I would be happy if someone could give me a hint how to track this problem.

The first lines of rdsosreport.txt look like this:
dracut:/# less /run/initramfs/rdsosreport.txt
+ cat /lib/dracut/dracut-056
dracut-056
+ echo /proc/cmdline
/proc/cmdline
+ sed -e 's/\(ftp:\/\/.*\):.*@/\1:*******@/g;s/\(cifs:\/\/.*\):.*@/\1:*******@/g;s/cifspass=[^ ]*/cifspass=*******/g;s/iscsi:.*@/iscsi:******@/g;s/rd.iscsi.password=[^ ]*/rd.iscsi.password=******/g;s/rd.iscsi.in.password=[^ ]*/rd.iscsi.in.password=******/g' /proc/cmdline
BOOT_IMAGE=/vmlinuz-5.15.71-ipfire root=UUID=a16c8d30-a521-4f54-b342-4601b54d802f ro rd.auto console=ttyS0,115200n8 rd.debug panic=10
+ '[' -f /etc/cmdline ']'
+ for _i in /etc/cmdline.d/*.conf
+ '[' -f '/etc/cmdline.d/*.conf' ']'
+ break
+ cat /proc/self/mountinfo
1 1 0:2 / / rw - rootfs none rw
17 1 0:16 / /proc rw,nosuid,nodev,noexec,relatime - proc proc rw
18 1 0:17 / /sys rw,nosuid,nodev,noexec,relatime - sysfs sysfs rw
19 1 0:5 / /dev rw,nosuid,noexec - devtmpfs devtmpfs rw,size=7970008k,nr_inodes=1992502,mode=755
20 19 0:18 / /dev/pts rw,nosuid,noexec,relatime - devpts devpts rw,gid=5,mode=620,ptmxmode=000
21 19 0:19 / /dev/shm rw,nosuid,nodev,noexec - tmpfs tmpfs rw
22 1 0:20 / /run rw,nosuid,nodev,noexec - tmpfs tmpfs rw,mode=755
+ cat /proc/mounts
none / rootfs rw 0 0
proc /proc proc rw,nosuid,nodev,noexec,relatime 0 0
sysfs /sys sysfs rw,nosuid,nodev,noexec,relatime 0 0
 0 0
devpts /dev/pts devpts rw,nosuid,noexec,relatime,gid=5,mode=620,ptmxmode=000 0 0
tmpfs /dev/shm tmpfs rw,nosuid,nodev,noexec 0 0
tmpfs /run tmpfs rw,nosuid,nodev,noexec,mode=755 0 0
+ blkid
+ blkid -o udev
+ ls -l '/dev/disk/by*'
ls: cannot access '/dev/disk/by*': No such file or directory

Comment 8 Dirk Sihling 2022-11-04 12:13:17 UTC

I found the following ticket https://bugzilla.kernel.org/show_bug.cgi?id=214311 about problems with my PERC H330 controller when booting in BIOS mode.
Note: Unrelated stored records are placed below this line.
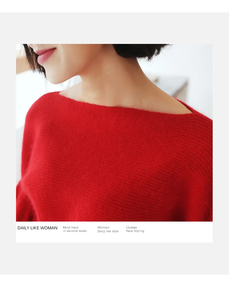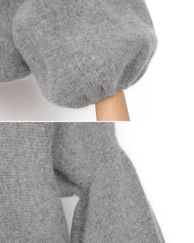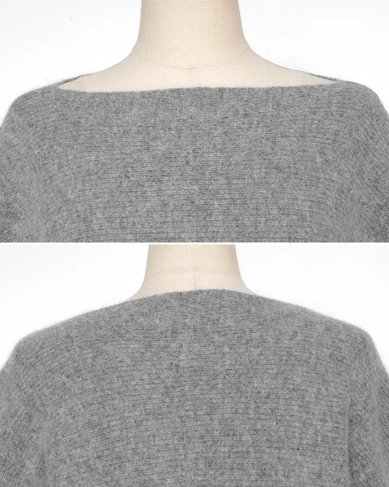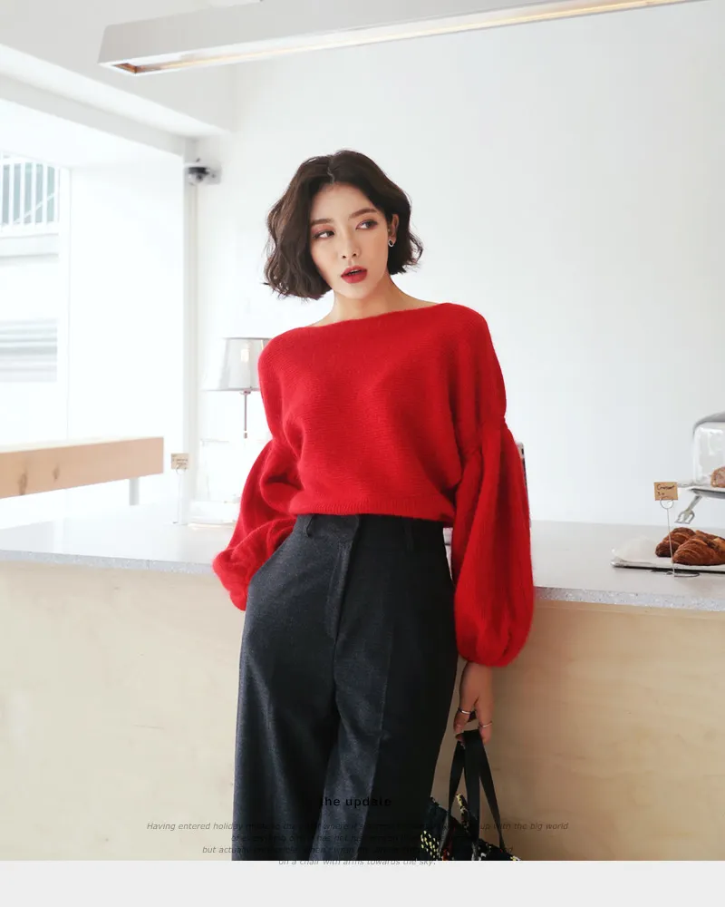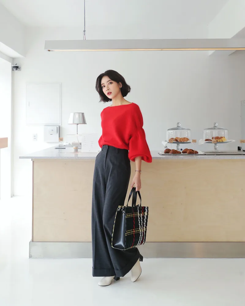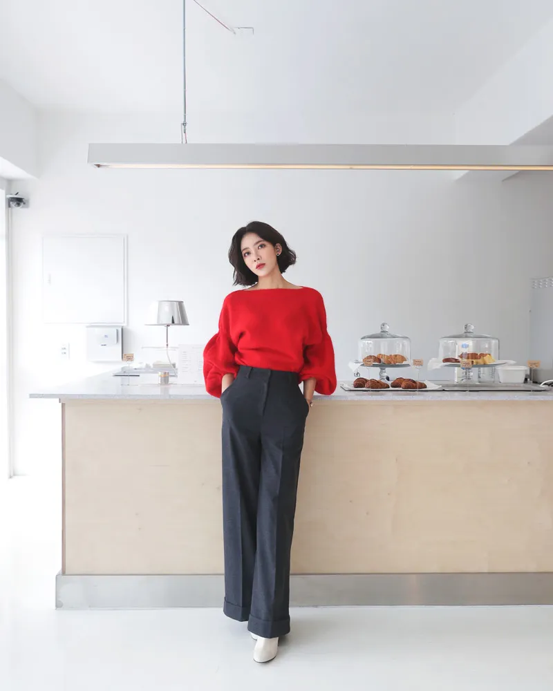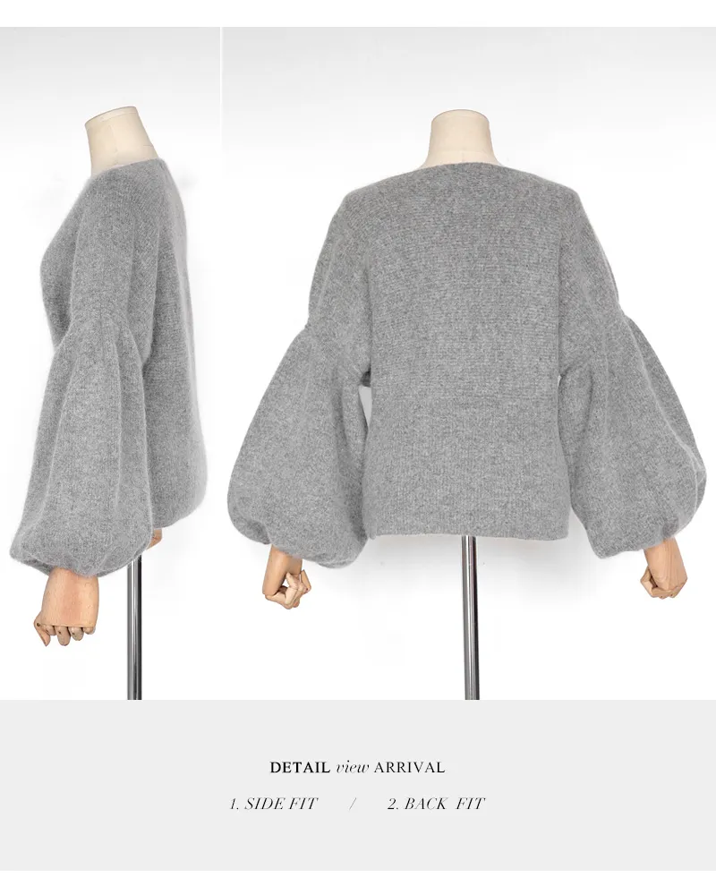 【ボートネックパフスリーブ二ットプルオーバー】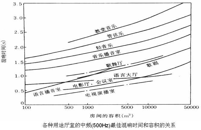 下圖給出各種用途廳堂的中頻(500Hz)更佳混響時間和容積的關(guān)系。由圖可知,廳堂的用途不同,要求的混響時間不同,且廳堂容積越大,要求的更佳混響時間也越長。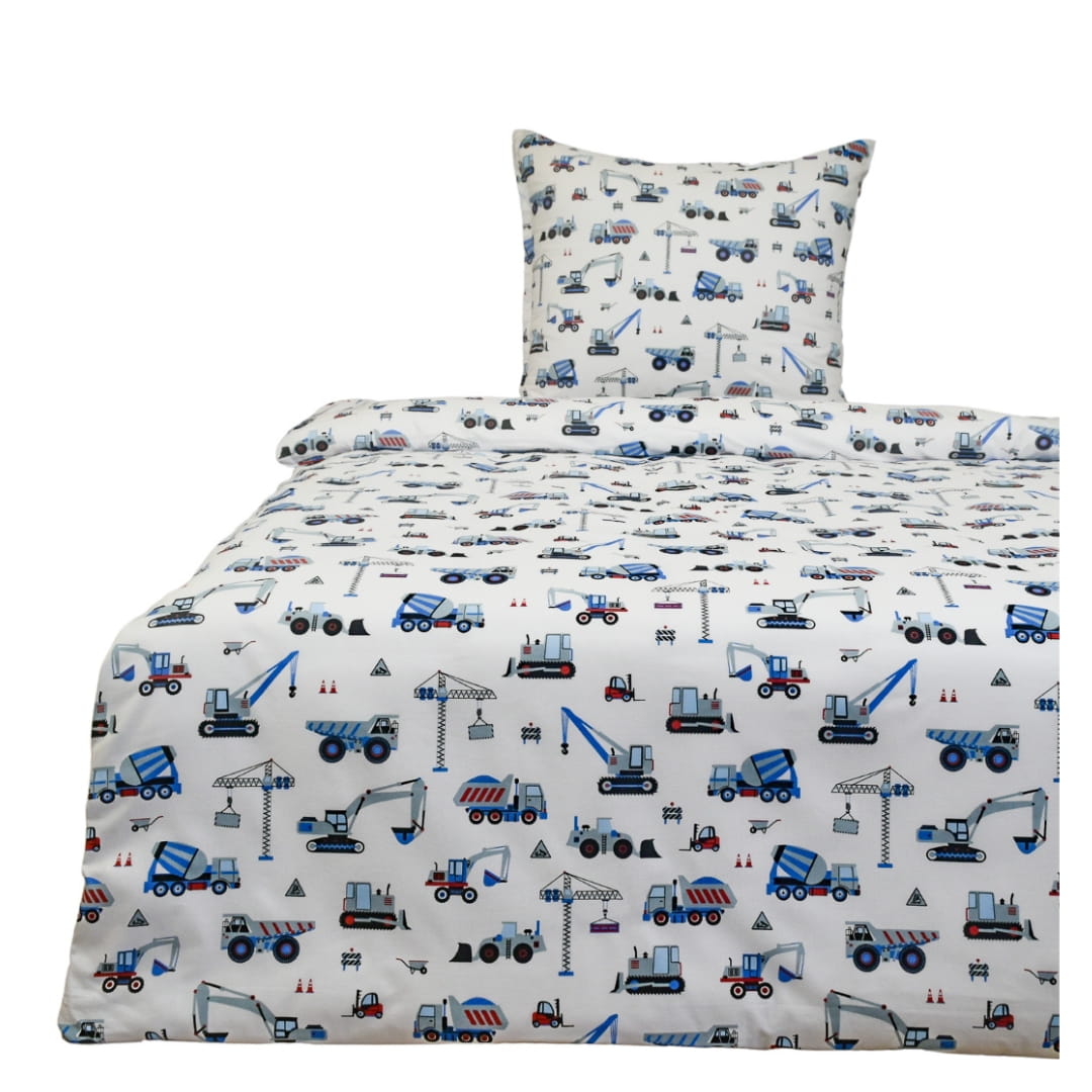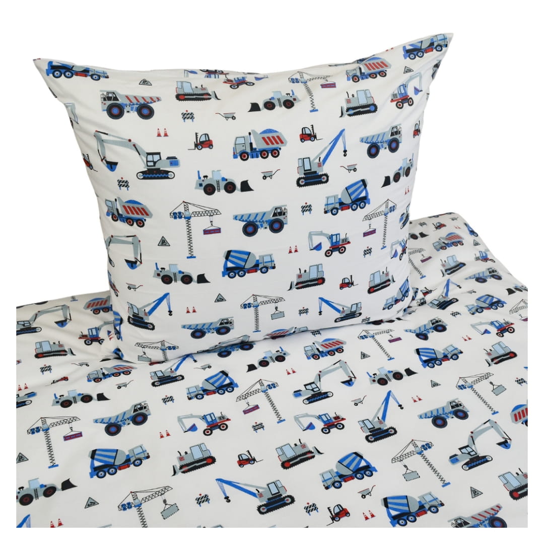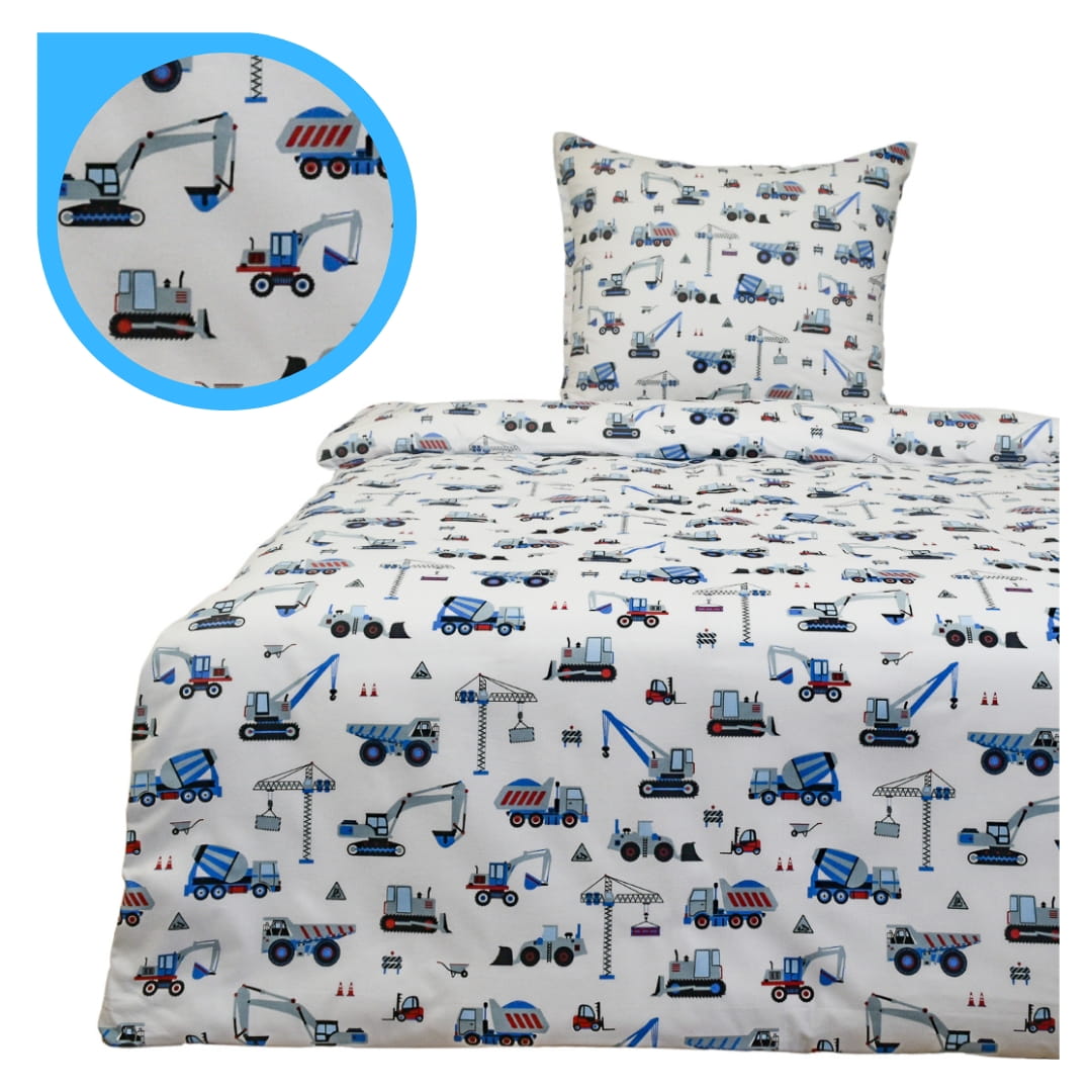 Komplet Pościeli Dziecięcej 140x200 + 1 x 50x70 Koparki Niebieskie Na Białym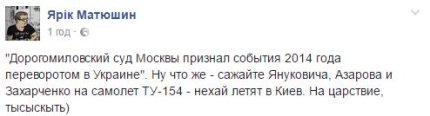 Так, известный блогер Ярослав Матюшин: "Ну что же - сажайте Януковича, Азарова и Захарченко на самолет ТУ-154 - нехай летят в Киев. На царствие, тысыскыть)".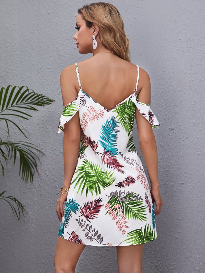 فستان مكشوف الاكتاف وبطباعة استوائي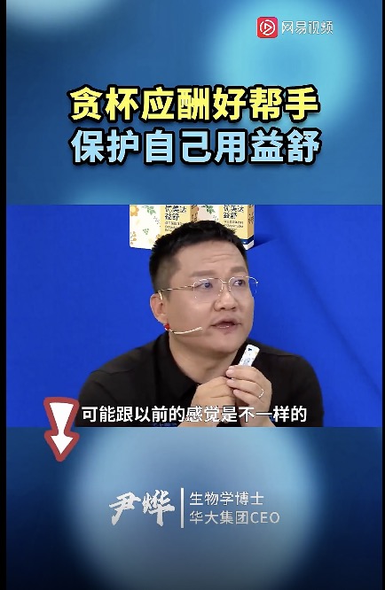在代言的自家益生菌“优美达益舒”时,视频中曾称:益生菌是应酬好帮手,华大同事应酬时经常带这款益生菌,不得不喝的时候,喝之前来一袋,喝几杯后再来一袋。在视频中,尹烨表示,“喝到10杯8杯后,再来一袋,还是会让你感觉和以前是不太一样。”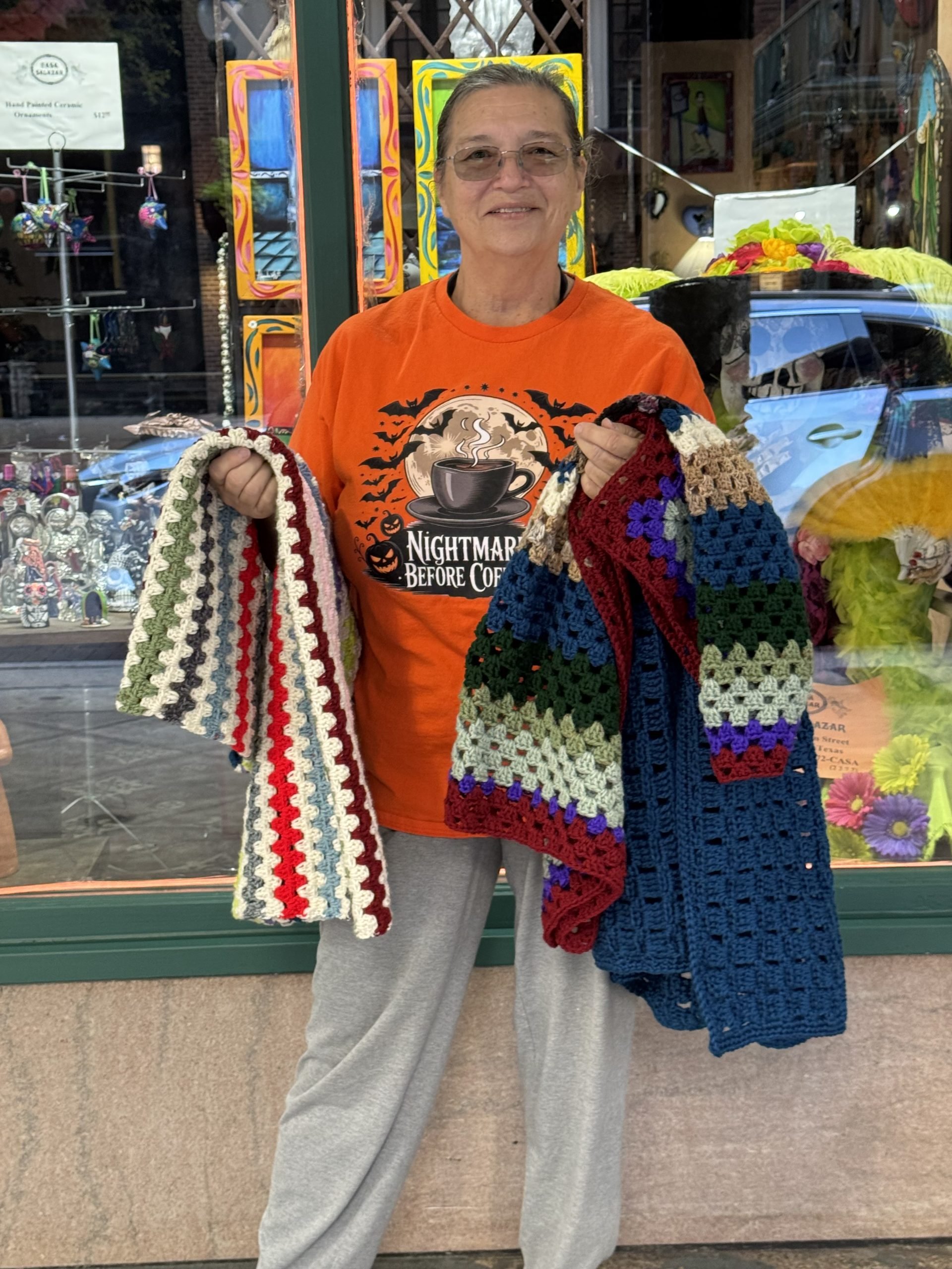 Saturday, March 15, 2025 – Elly Fields of San Antonio, TX recently donated a collection of gorgeous handmade crochet blankets. Thank you, Elly, for your generosity and for bringing warmth to the lives of those who need it most. Your contribution to Binky Patrol is a testament to the goodness in our communities and the incredible impact that one person can make.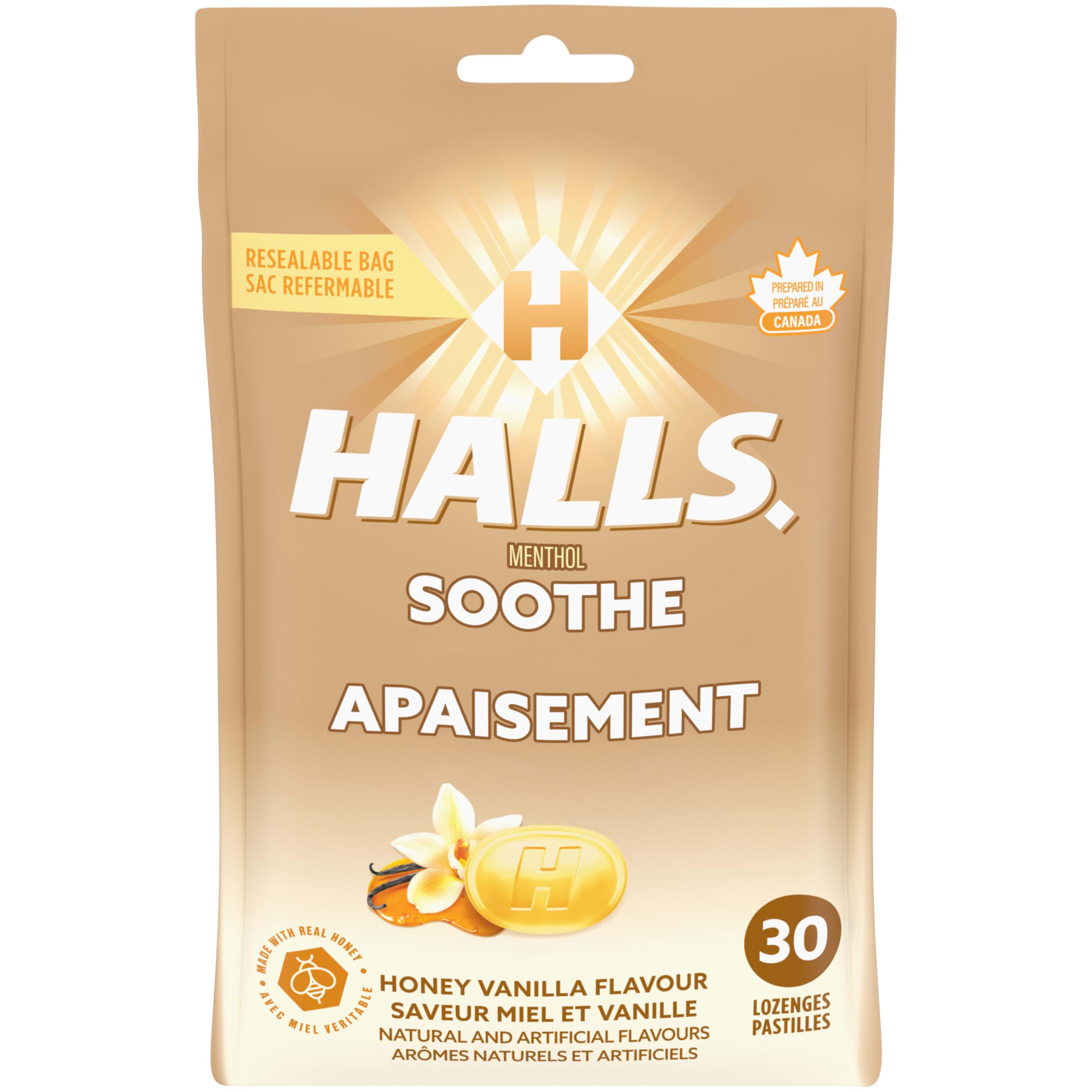 HALLS Honey Vanilla Flavour Cough Drops, Throat Lozenges, Sore Throat Relief, Mentho-Lyptus, 30 Lozenges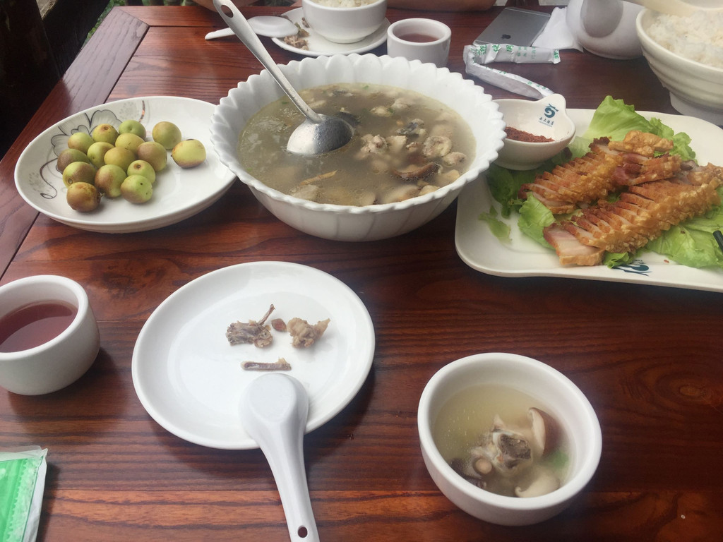 中午在肇兴侗寨尝了尝蘑菇和本地的猪颈肉,味道还不错;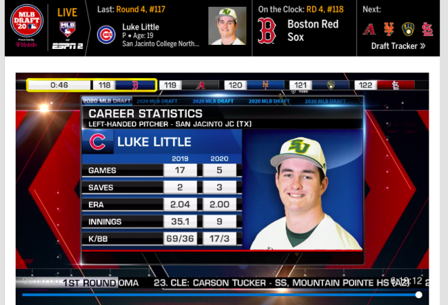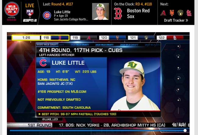 불펜 피칭에서 105마일(169km) 강속구를 던져 화제가 된 루크 리틀(19)이 2020 메이저리그 드래프트에서 시카고 컵스의 지명을 받았다.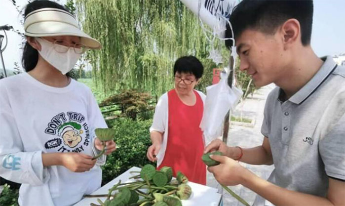 為鼓勵青年學子走進鄉村,實地感受脫貧攻堅成果,助力鄉村振興發展,2023年8月21日-24日,鄉村振興“三下鄉”暑期下鄉團隊葉安鑫、萬文靜、于慧、陳炫竹、滕辰、于文星、馮欣、劉羽翮、顧潘天淏等成員對徐州市鄉村產業發展情況進行專項調研。團隊成員深入徐州市銅山區柳泉鎮北村,通過實地調研、走訪調查、交流學習等方式,全面了解北村通過荷花種植的鄉村產業發展情況。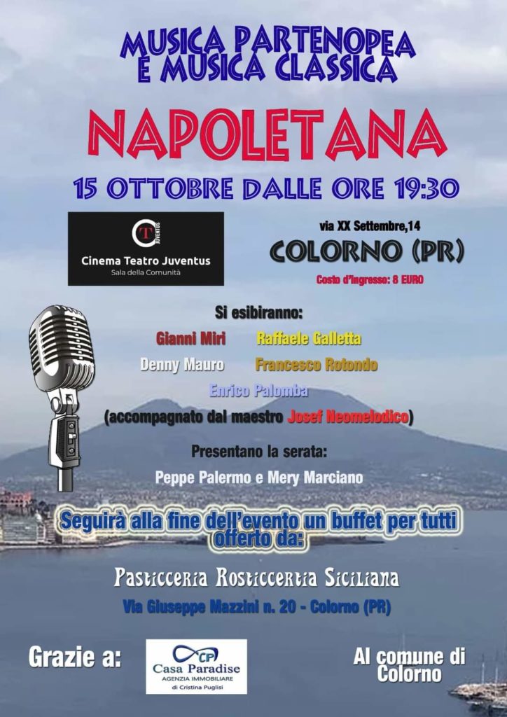 “Musica partenopea e classica napoletana” è la prima edizione di un appuntamento che ha l’obiettivo di riproporsi tutti gli anni. Il concerto si svolgerà sabato 15 ottobre a partire dalle 19.30 alla sala Juventus di via XX Settembre a Colorno.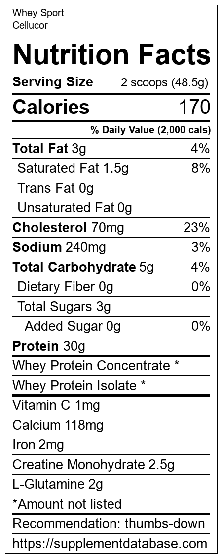 Whey Sport is a protein supplement manufactured by Cellucor. It ranks 446 out of 466 protein supplements and earned an overall thumbs down recommendation based on several factors including effectiveness, research rating, ranking, protein content, and nutrition label transparency.

I switched to UEFI and the disks where found.
Problem solved as far as I am concerned. I am just surprised that this issue showed up between kernel versions 5.15.49 and 5.15.71.

Comment 9 Michael Tremer 2022-11-08 17:18:56 UTC

(In reply to Dirk Sihling from comment #8)
> Problem solved as far as I am concerned. I am just surprised that this issue
> showed up between kernel versions 5.15.49 and 5.15.71.

That is indeed a very interesting problem.